**Aim of the exercise:** Everything below from the line with "حاجحسین راوی خوشسخن" through the line with "Billy Joe Long" must be retyped exactly, except the pictures.

**Data provided:**

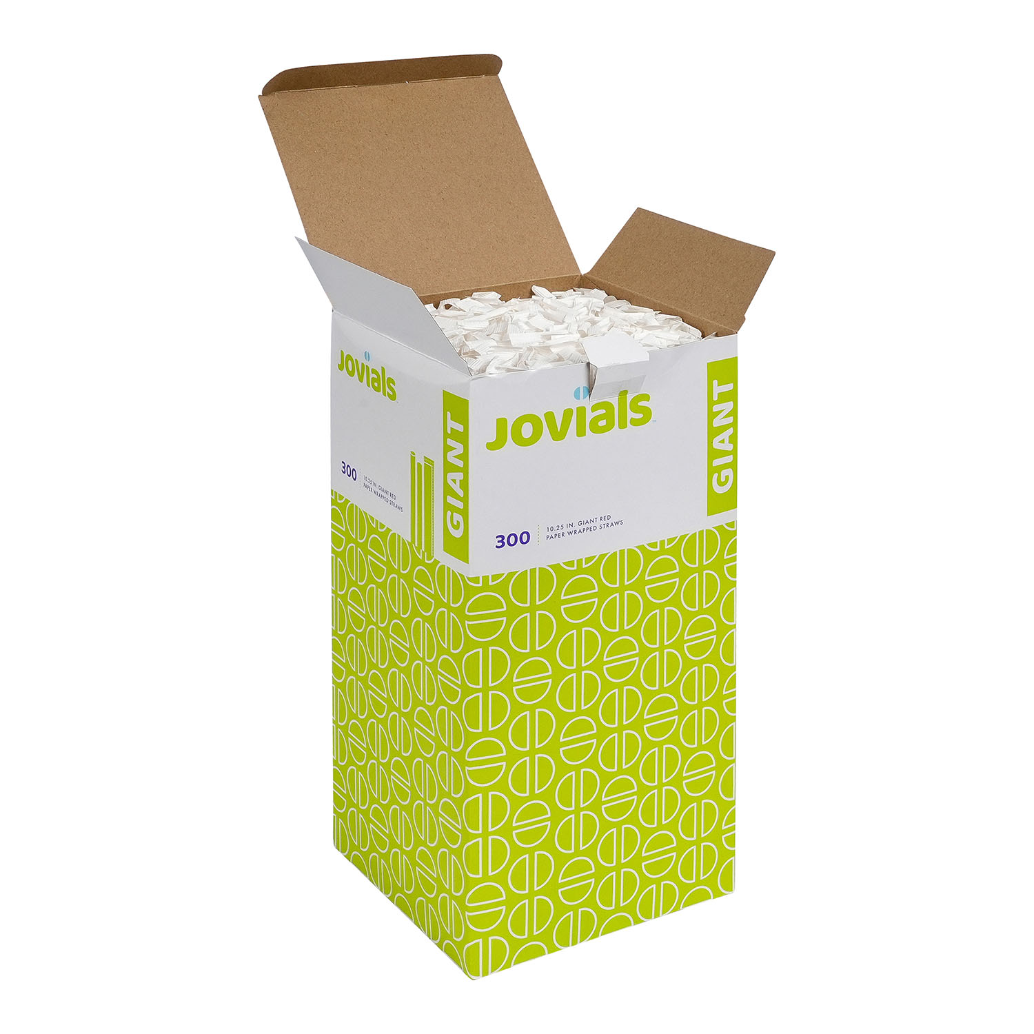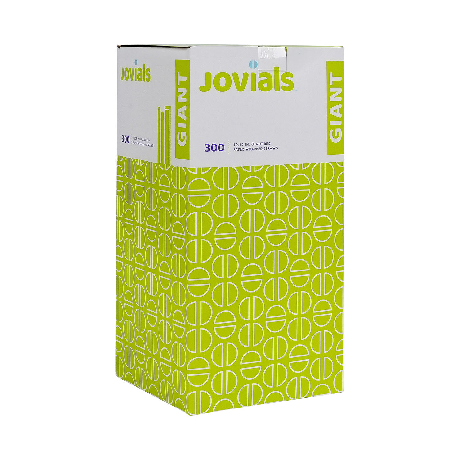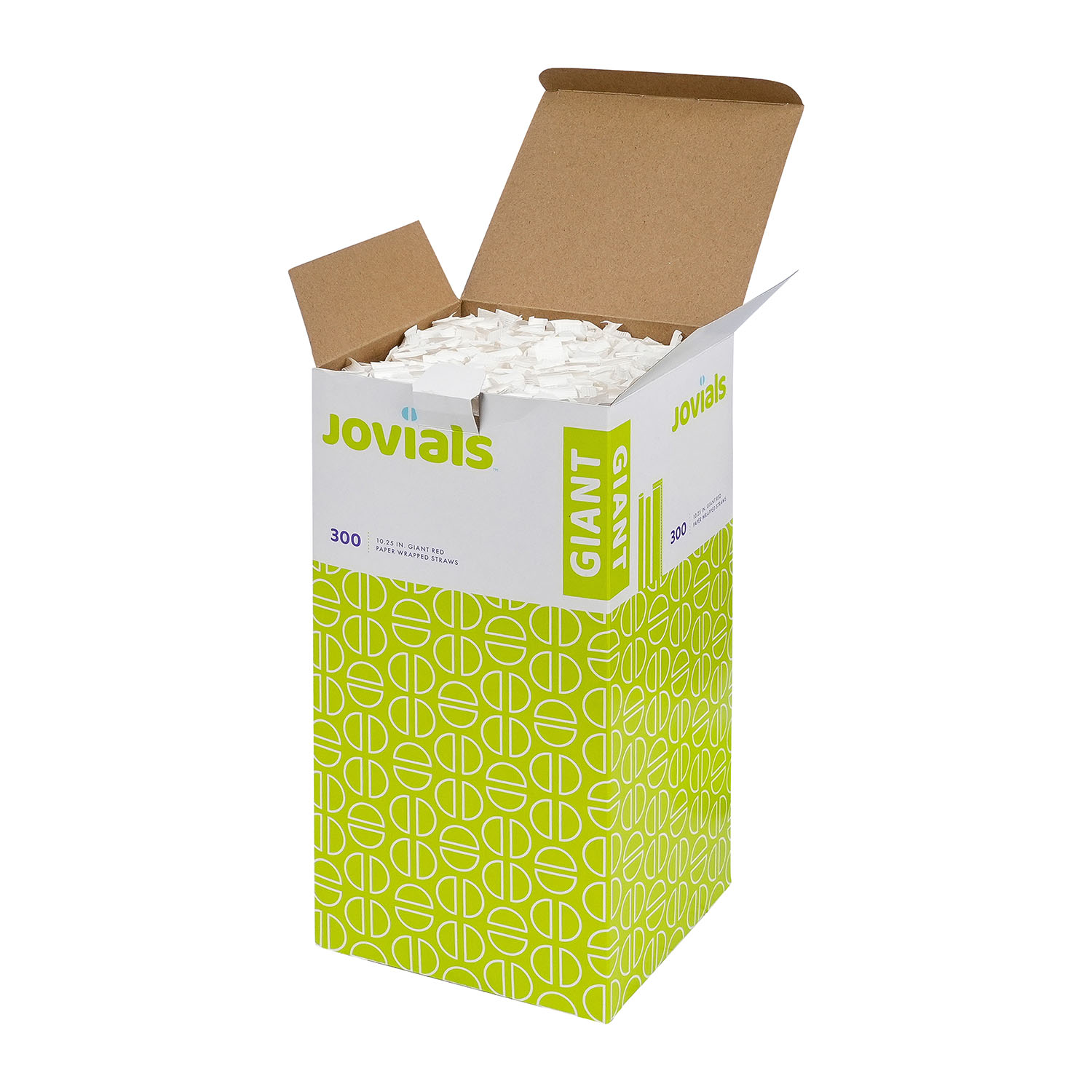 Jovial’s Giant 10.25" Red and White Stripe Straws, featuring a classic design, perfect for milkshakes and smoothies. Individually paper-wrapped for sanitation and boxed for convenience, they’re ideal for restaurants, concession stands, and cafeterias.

--

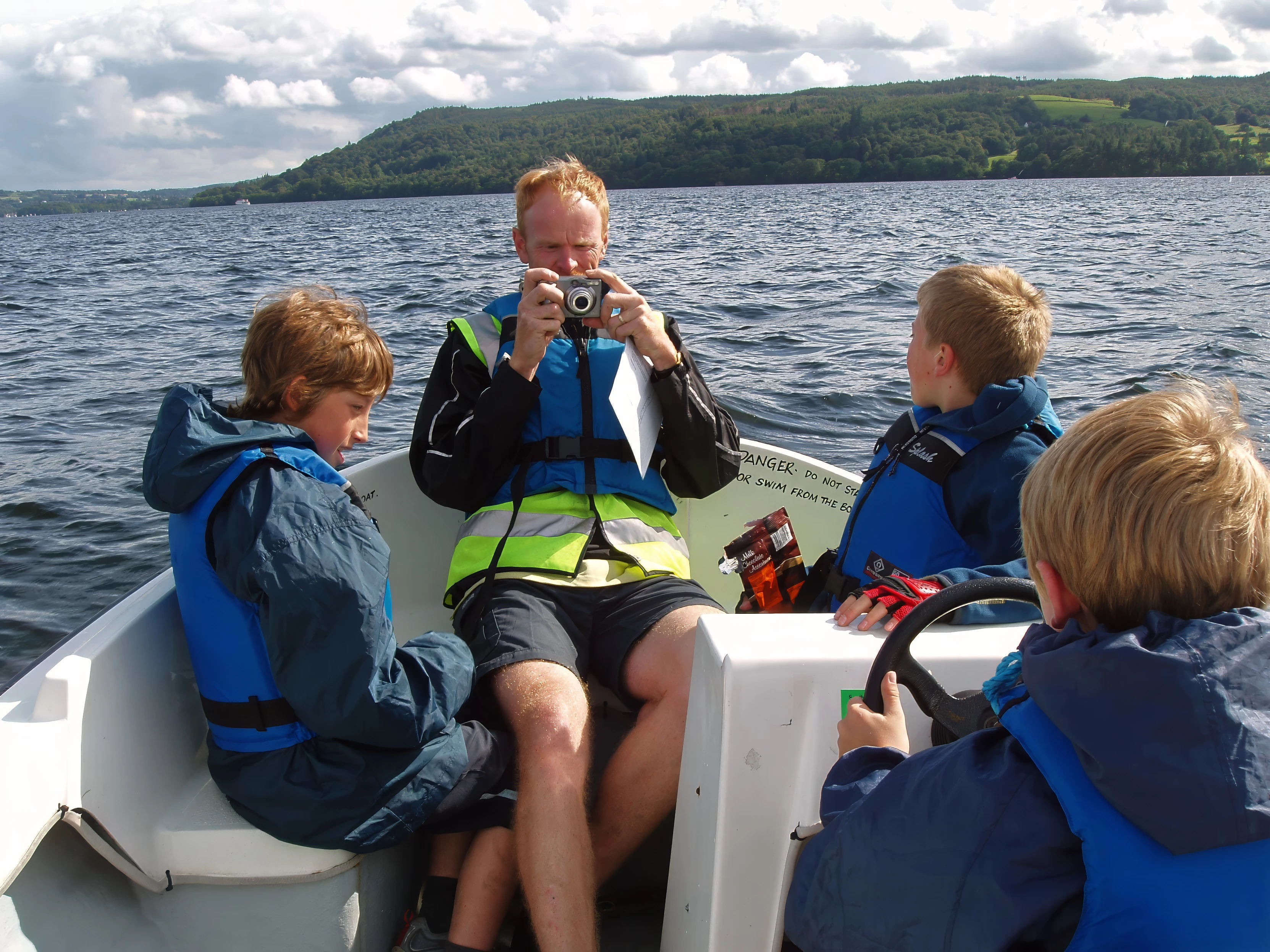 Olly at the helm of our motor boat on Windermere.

---

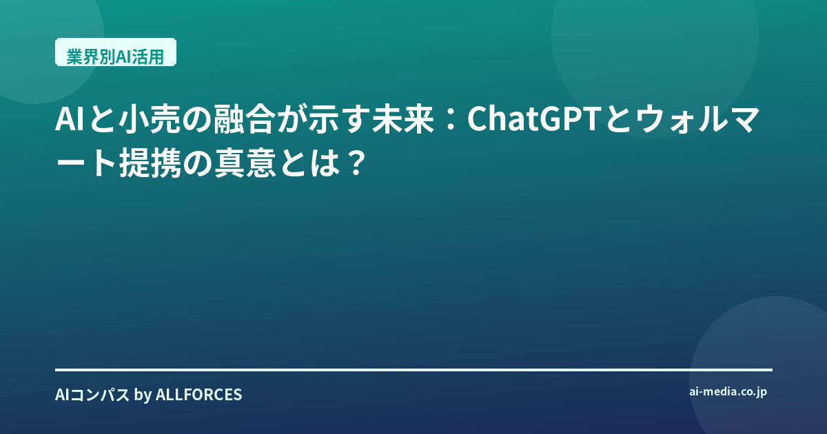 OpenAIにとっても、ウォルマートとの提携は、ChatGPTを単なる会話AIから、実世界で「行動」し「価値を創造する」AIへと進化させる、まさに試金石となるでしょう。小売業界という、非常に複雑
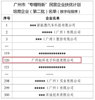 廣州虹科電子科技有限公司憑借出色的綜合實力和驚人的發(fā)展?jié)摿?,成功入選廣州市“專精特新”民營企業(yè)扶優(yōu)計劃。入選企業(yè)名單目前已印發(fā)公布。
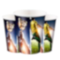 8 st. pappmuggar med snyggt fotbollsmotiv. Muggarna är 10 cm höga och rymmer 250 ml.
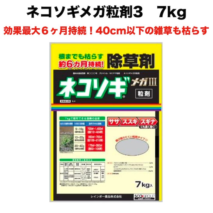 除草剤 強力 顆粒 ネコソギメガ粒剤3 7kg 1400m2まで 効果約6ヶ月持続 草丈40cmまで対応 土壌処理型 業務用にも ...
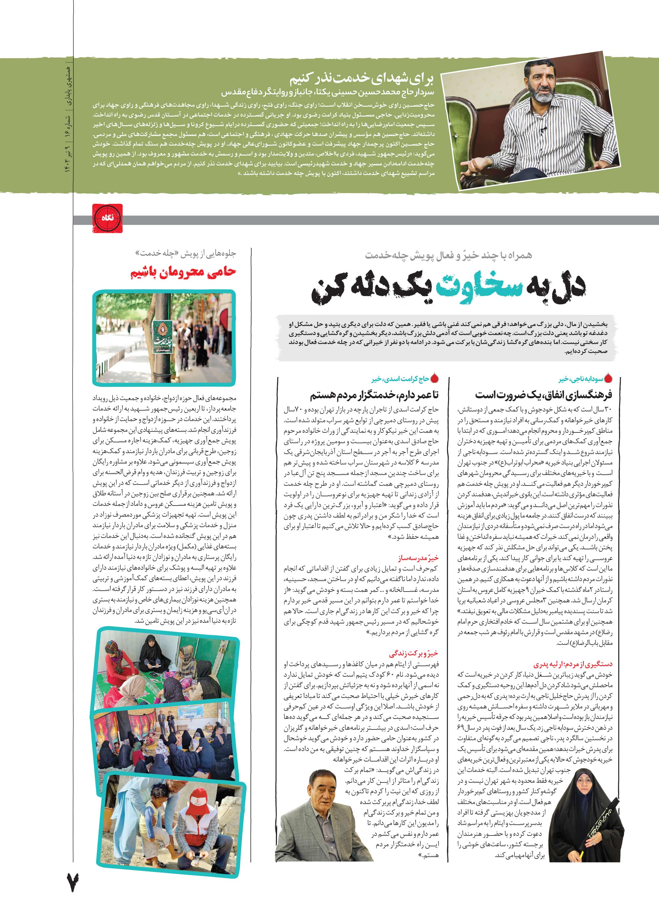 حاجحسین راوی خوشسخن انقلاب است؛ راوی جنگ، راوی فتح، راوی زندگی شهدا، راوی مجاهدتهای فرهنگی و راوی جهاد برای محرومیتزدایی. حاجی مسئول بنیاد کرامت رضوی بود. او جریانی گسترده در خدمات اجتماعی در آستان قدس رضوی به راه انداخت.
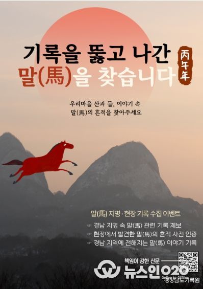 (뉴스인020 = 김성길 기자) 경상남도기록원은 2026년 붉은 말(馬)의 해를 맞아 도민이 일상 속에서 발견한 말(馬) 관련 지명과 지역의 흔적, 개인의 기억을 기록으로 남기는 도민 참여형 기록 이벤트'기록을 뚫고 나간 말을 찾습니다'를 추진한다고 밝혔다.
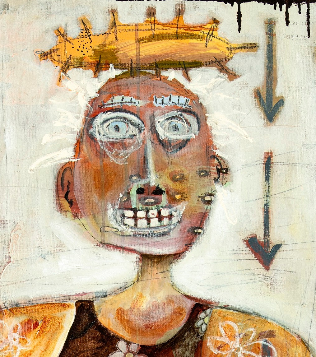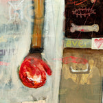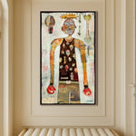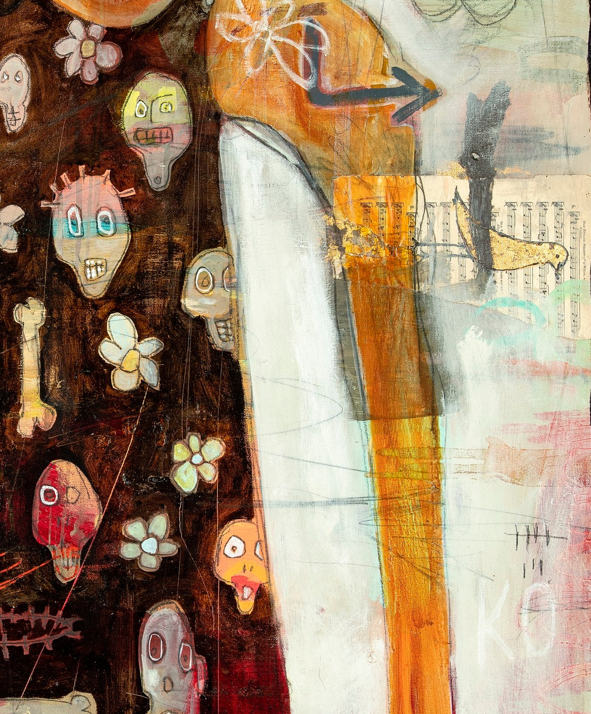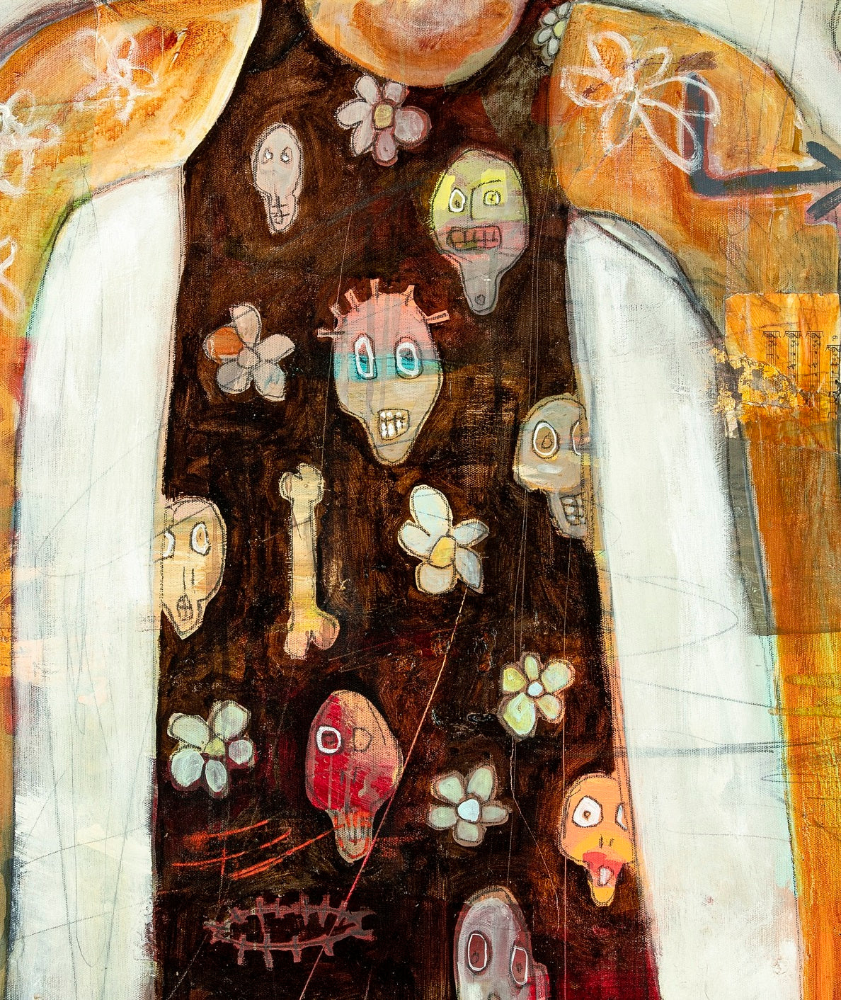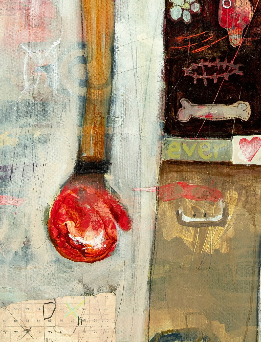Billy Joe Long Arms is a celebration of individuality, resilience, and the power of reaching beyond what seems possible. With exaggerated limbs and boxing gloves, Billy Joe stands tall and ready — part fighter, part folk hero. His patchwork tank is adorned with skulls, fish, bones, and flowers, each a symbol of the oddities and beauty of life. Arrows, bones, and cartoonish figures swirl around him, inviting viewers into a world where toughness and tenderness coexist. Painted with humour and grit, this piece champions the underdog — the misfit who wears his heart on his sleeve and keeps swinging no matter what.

**Response to the exercise:**
 حاجحسین راوی خوشسخن انقلاب است؛ راوی جنگ، راوی فتح، راوی زندگی شهدا، راوی مجاهدتهای فرهنگی و راوی جهاد برای محرومیتزدایی. حاجی مسئول بنیاد کرامت رضوی بود. او جریانی گسترده در خدمات اجتماعی در آستان قدس رضوی به راه انداخت.
 (뉴스인020 = 김성길 기자) 경상남도기록원은 2026년 붉은 말(馬)의 해를 맞아 도민이 일상 속에서 발견한 말(馬) 관련 지명과 지역의 흔적, 개인의 기억을 기록으로 남기는 도민 참여형 기록 이벤트'기록을 뚫고 나간 말을 찾습니다'를 추진한다고 밝혔다.
Billy Joe Long Arms is a celebration of individuality, resilience, and the power of reaching beyond what seems possible. With exaggerated limbs and boxing gloves, Billy Joe stands tall and ready — part fighter, part folk hero. His patchwork tank is adorned with skulls, fish, bones, and flowers, each a symbol of the oddities and beauty of life. Arrows, bones, and cartoonish figures swirl around him, inviting viewers into a world where toughness and tenderness coexist. Painted with humour and grit, this piece champions the underdog — the misfit who wears his heart on his sleeve and keeps swinging no matter what.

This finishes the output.